> **PROBLEM**
In the records below, some lines hold the word "Cratere". Copy each of those lines.

Dataset records
===

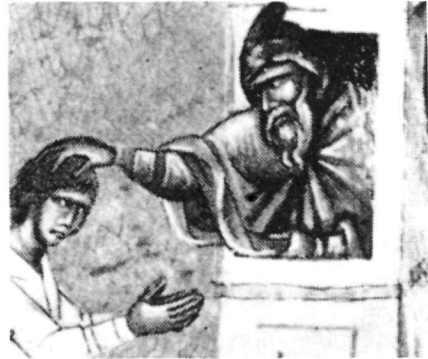
Εικ. 4. Vat. lat. 375, fol. 9.

Μεταλωτισμένα άλλωστε στή δυτική ζωγραφική είναι και μερικά από τά μοτίβα της παράστασης πού προέρχονται από τήν παλιά βυζαντινή εικονογραφία και πού χρησιμοποιούνται άρκετά στά λατινικά χειρόγραφα τοῦ 14ου και 15ου αϊ. Είναι χαρακτηριστική ή συγγένεια τοῦ έρημίτη και τοῦ οικίσκου της εικόνας μας (Εικ. 3) με ανάλογη παράσταση στό fol. 9 τοῦ λατινικοῦ χειρογράφου Vat. lat. 375 τοῦ Παλέρμου 12 . Ντυμένος και εκεί με τό μοναχικό κουκούλιο έρημίτης-άγιος προβάλλει επίσης από όρθογώνιο άνοιγμα παρόμοιο με της εικόνας μας οικίσκου και άρκετά σκυφτός τεντώνει τό δεξί του χέρι για νά τό άκουμπήσει στό κεφάλι νεαρής άνδρικής μορφής πού εικονίζεται γονατιστή κάτω (Εικ. 4). Τό μοτίβο πού είναι μεταφερόμενο από τή βυζαντινή εικονογραφία εντάσσεται έδω σέ ένα καινούριο κλίμα με νεωτερικά στοιχεία πού έρχονται από τή ζωγραφική της Δύσης τοῦ 14ου αϊ.
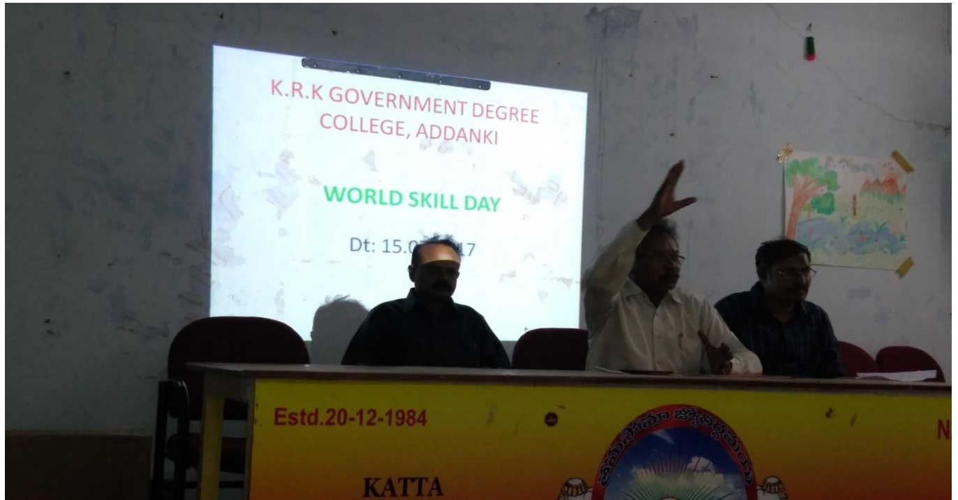
Staff & Students are attended World Skill Day Programme
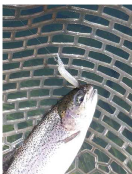
イーグルプレーヤー ゴールドアーク
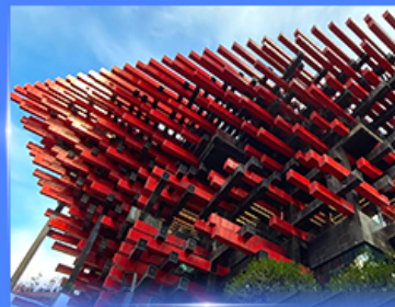
แลนด์มาร์คดัง ตึกตะเกียบ
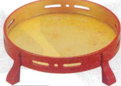
10-503-23 1-640-10 A6.5寸丸透かし足付盛器 朱内色紙金箔 S・H 塗 ¥3,300 (23φ×5.7) 櫃50
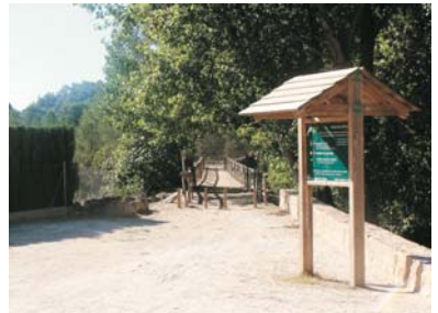
Entrada al paratge
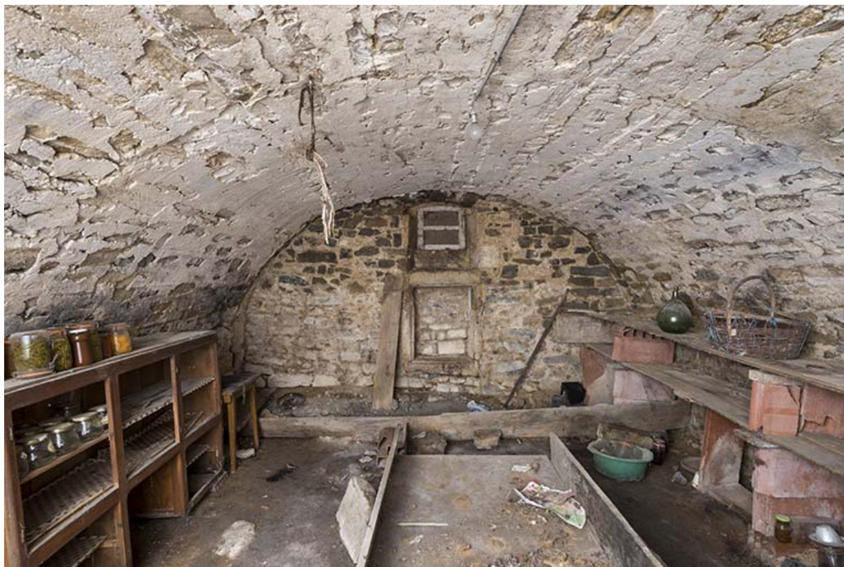
Vue de la cave médiane, dont l'entrée en façade est orientée à l'Est 70, Baulay, 32-34 Grande Rue
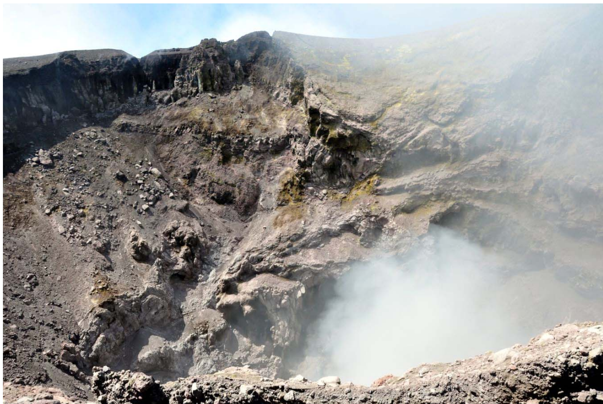
Fig. 5 – Veduta dell’interno del Cratere di Nord-Est (NEC). L’attività esplosiva che avviene all’interno del suo condotto si manifesta in superficie attraverso boati e successive volute di gas .

Il Cratere di Nord-Est (NEC, vedi Fig. 5) è caratterizzato da attività esplosiva non visibile in superficie, ma che avviene presumibilmente ad alcune centinaia di metri di profondità rispetto al suo orlo. Tale attività è percepibile come sordi boati seguiti, dopo circa 5-10 secondi, da boli di vapore e gas che emergono dal fondo del cratere (vedi Fig. 5).
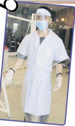
■理发师“全副武装”, 让光临的顾客也可以感到安心。

“我们终于可以开业, 因此会严格遵守政府所规定的标准作业程序, 避免违反又遭关闭。” 业者说, 他们会为顾客消毒、量体温、职员会戴口罩、防护服、只接受预约客, 登记访客资料、保持安全社交距离等。 同时, 理发店暂可以理发、洗发及护发服务, 其它服务, 例如染发、烫发等由于必须在1小时内完成, 而且政府是临时亮绿灯, 因此大部分理发店今天还没有提供染、烫服务。
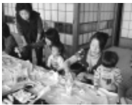
おやつを作る親子

また、市の保健師も参加しているので、子育ての相談や子どもの健康診断の日程などの情報も教えてもらうことが
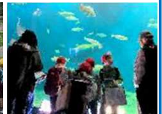
2年生 千歳水族館 市立図書館
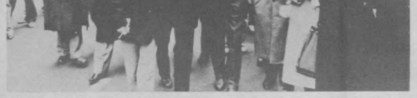
ПАРИЖ. Многолюдная демонстрация трудящихся против одобренного Национальным собранием законопроекта «О регулировании рабочего времени» состоялась во французской столице.

СОФИЯ. Жемчужина болгарского Черноморья — старинный город Несебр, расположенный на острове, вступил в новый год, знаменитый своим архитектурным наследием.
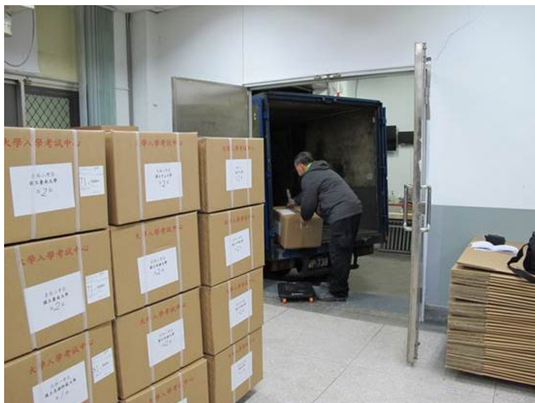
104年12月4日寄送105學年度高中英語聽力測驗第二次考試考區物資情形。
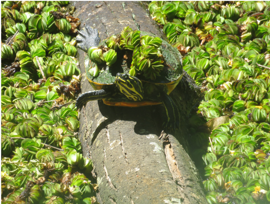
Figure 3. Individual of Pseudemys nelsoni in a channel of the Reserva Ecológica Costanera Sur, Buenos Aires, Argentina (CFA-104).
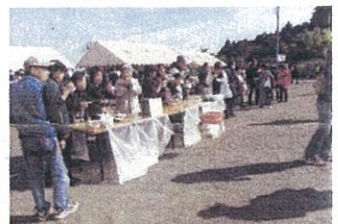
生演奏聞きながら食事、いいね〜!
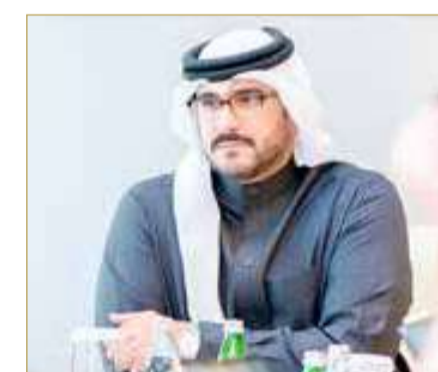
سمو وزير ديوان رئيس مجلس الوزراء

جاء ذلك لدى ترؤس سموه اجتماع مجلس إدارة صندوق العمل (تمكين)، إذ اعتمد سموه
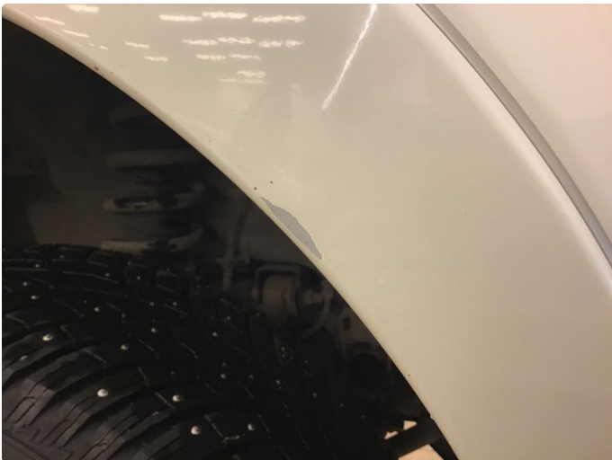
1.2 Liten lakkskade på skjermbredder høyre foran.
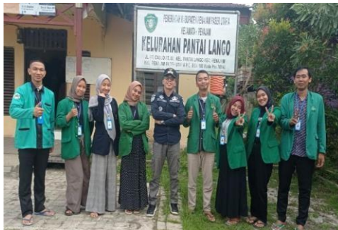
Foto Bersama pak lurah
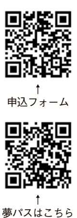
↑申込フォーム ↑夢パスはこちら

水戸ホーリーホック戦に市民500人を先着で無料招待します。希望者は申込フォームからお申し込みください。 日時 6月2日(土) 午後3時～ 場所 岐阜メモリアルセンター長良川競技場(岐阜市) ※小学生は夢パスでFC岐阜のホーム戦が全試合無料になります。
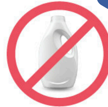
Contenant de détergent
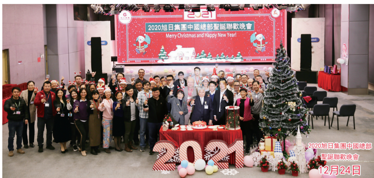
● 管理層與員工在中國總部一起慶祝聖誕節

員工福利：依法購買勞工保險或社會保險、住房公積金（中國內地適用）；除社會保險外，本集團亦為所需要的員工購買人身意外保險，保障員工的人身安全。本集團各地區辦公室均嚴格執行香港、中國內地的相關法律法規，員工可享有薪假期福利，包括法定假期、年假、病假、婚假、產假 / 生育假期、侍產假（適用於香港）、看護假（適用於中國內地）、喪假及工傷假等。
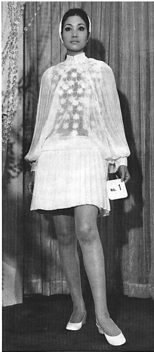
Embroidered silk organza by FORSTER WILLI & CO., ST-GALL

===

> **WRITTEN SOLUTION**
Fig. 5 – Veduta dell’interno del Cratere di Nord-Est (NEC). L’attività esplosiva che avviene all’interno del suo condotto si manifesta in superficie attraverso boati e successive volute di gas .
Il Cratere di Nord-Est (NEC, vedi Fig. 5) è caratterizzato da attività esplosiva non visibile in superficie, ma che avviene presumibilmente ad alcune centinaia di metri di profondità rispetto al suo orlo. Tale attività è percepibile come sordi boati seguiti, dopo circa 5-10 secondi, da boli di vapore e gas che emergono dal fondo del cratere (vedi Fig. 5).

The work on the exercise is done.